* _PROVIDED INFORMATION_
######

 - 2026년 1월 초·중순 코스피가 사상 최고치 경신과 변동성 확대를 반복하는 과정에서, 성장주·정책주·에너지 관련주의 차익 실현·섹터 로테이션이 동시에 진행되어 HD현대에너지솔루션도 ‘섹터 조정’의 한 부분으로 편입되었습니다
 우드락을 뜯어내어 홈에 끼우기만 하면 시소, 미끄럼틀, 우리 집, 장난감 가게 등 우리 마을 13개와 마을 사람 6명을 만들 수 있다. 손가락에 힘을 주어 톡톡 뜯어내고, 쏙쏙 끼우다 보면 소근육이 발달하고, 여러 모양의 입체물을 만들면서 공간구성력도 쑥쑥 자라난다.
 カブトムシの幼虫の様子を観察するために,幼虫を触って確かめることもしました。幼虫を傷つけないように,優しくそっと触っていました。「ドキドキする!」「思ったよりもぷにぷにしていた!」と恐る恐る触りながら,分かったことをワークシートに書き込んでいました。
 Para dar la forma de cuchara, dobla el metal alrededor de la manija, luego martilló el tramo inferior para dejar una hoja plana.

######

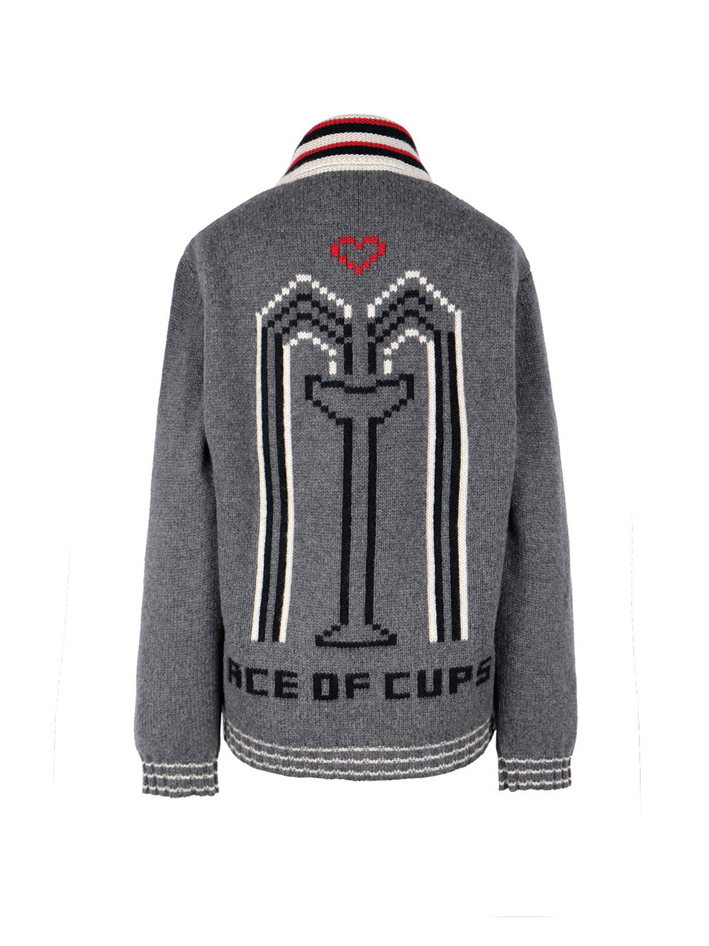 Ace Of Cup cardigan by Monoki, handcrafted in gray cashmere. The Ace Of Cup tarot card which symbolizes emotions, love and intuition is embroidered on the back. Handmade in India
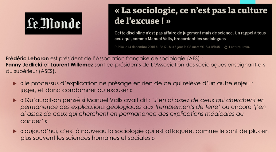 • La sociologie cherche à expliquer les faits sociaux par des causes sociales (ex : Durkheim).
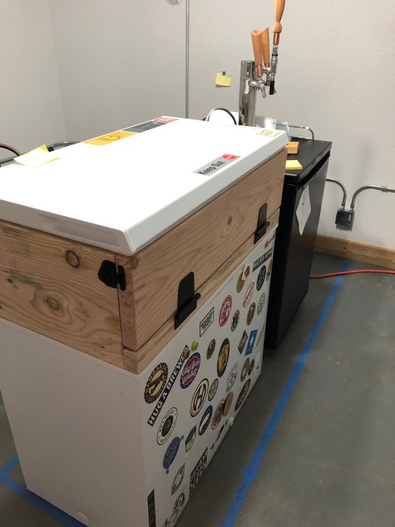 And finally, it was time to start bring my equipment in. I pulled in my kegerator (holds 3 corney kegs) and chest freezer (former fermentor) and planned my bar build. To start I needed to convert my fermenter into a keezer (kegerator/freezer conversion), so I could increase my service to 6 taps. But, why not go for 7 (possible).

######

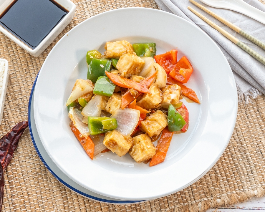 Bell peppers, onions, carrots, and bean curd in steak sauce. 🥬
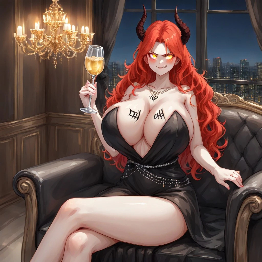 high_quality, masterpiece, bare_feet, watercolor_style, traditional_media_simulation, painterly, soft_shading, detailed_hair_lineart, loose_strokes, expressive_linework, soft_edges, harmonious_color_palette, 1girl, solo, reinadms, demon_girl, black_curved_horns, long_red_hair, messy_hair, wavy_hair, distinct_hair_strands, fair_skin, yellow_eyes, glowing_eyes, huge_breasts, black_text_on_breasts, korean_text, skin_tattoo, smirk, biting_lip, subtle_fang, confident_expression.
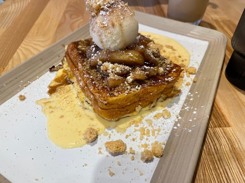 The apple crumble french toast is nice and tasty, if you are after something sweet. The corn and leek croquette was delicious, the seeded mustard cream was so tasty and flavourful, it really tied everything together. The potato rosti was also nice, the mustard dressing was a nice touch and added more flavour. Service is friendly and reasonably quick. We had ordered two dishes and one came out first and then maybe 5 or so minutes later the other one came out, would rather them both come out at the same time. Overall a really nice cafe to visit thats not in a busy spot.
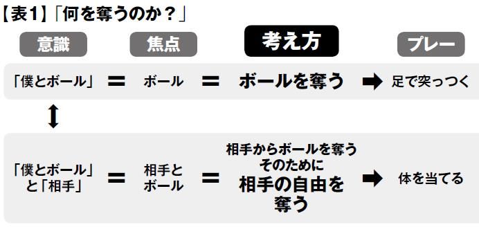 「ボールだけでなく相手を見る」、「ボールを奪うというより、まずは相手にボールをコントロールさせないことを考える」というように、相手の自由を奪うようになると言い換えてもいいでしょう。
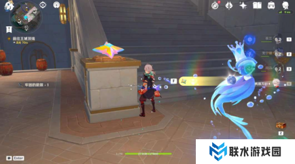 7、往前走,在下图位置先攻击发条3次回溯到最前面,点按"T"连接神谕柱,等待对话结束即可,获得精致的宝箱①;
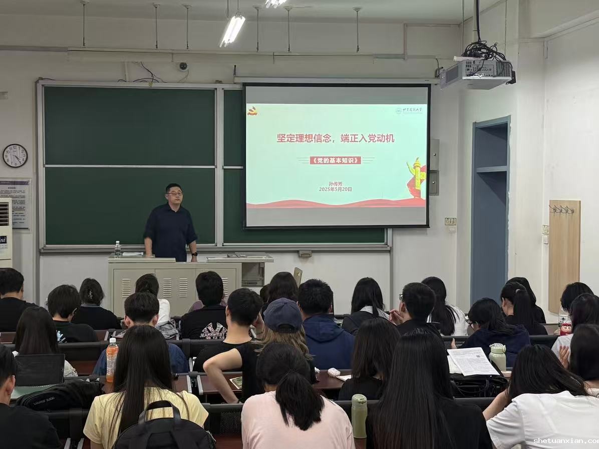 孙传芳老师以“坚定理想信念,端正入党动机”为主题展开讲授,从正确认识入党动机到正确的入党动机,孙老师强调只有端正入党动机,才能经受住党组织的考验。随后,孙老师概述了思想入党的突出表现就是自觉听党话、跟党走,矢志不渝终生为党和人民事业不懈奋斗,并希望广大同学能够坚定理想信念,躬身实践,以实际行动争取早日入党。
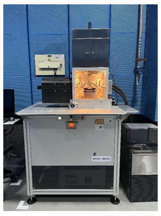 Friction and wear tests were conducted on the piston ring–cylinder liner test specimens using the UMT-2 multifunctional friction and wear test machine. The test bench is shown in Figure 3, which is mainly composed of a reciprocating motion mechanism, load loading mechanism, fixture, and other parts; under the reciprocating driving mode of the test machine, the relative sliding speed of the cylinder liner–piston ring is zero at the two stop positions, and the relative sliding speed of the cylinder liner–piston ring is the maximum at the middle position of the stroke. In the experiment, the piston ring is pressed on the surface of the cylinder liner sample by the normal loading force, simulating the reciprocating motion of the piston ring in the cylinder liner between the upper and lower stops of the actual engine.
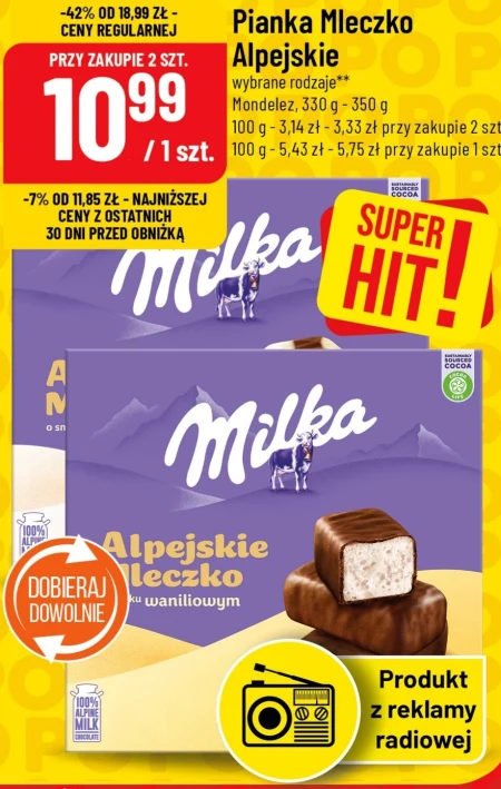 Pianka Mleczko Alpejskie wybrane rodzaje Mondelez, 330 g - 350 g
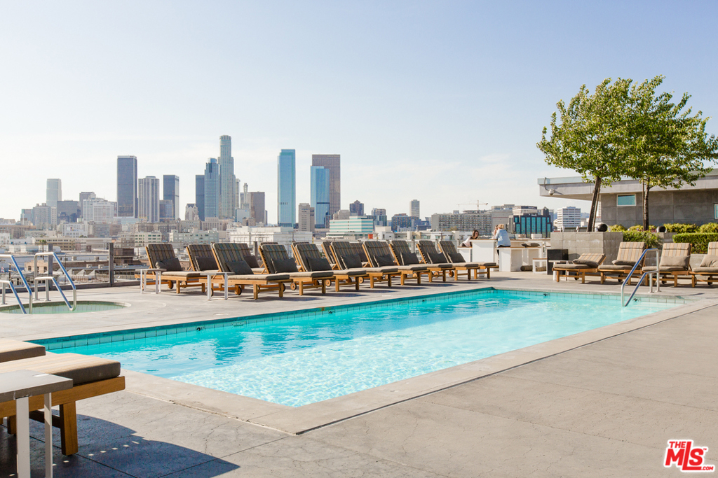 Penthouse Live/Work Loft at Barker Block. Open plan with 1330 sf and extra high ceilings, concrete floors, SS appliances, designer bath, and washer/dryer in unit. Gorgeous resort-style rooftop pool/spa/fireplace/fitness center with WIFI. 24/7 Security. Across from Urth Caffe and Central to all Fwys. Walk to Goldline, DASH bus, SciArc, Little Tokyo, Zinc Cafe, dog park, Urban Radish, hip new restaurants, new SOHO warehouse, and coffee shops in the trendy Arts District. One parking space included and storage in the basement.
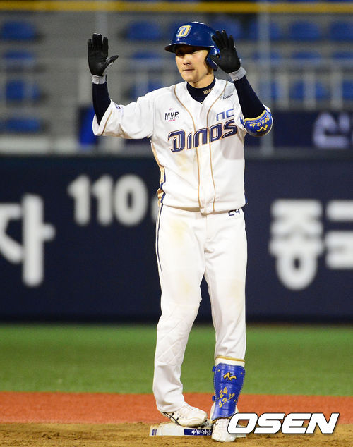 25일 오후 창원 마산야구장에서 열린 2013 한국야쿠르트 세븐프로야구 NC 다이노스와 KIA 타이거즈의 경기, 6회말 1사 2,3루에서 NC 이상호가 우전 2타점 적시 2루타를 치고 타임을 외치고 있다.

######

* _DIRECTIONS FOR THIS TASK_
Reproduce exactly the stretch of the material above that starts at the line with "- 2026년 1월 초·중순" and ends at the line with "Para dar la", both included, and nothing else.

* _RESPONSE TO THIS EXERCISE_
 - 2026년 1월 초·중순 코스피가 사상 최고치 경신과 변동성 확대를 반복하는 과정에서, 성장주·정책주·에너지 관련주의 차익 실현·섹터 로테이션이 동시에 진행되어 HD현대에너지솔루션도 ‘섹터 조정’의 한 부분으로 편입되었습니다
 우드락을 뜯어내어 홈에 끼우기만 하면 시소, 미끄럼틀, 우리 집, 장난감 가게 등 우리 마을 13개와 마을 사람 6명을 만들 수 있다. 손가락에 힘을 주어 톡톡 뜯어내고, 쏙쏙 끼우다 보면 소근육이 발달하고, 여러 모양의 입체물을 만들면서 공간구성력도 쑥쑥 자라난다.
 カブトムシの幼虫の様子を観察するために,幼虫を触って確かめることもしました。幼虫を傷つけないように,優しくそっと触っていました。「ドキドキする!」「思ったよりもぷにぷにしていた!」と恐る恐る触りながら,分かったことをワークシートに書き込んでいました。
 Para dar la forma de cuchara, dobla el metal alrededor de la manija, luego martilló el tramo inferior para dejar una hoja plana.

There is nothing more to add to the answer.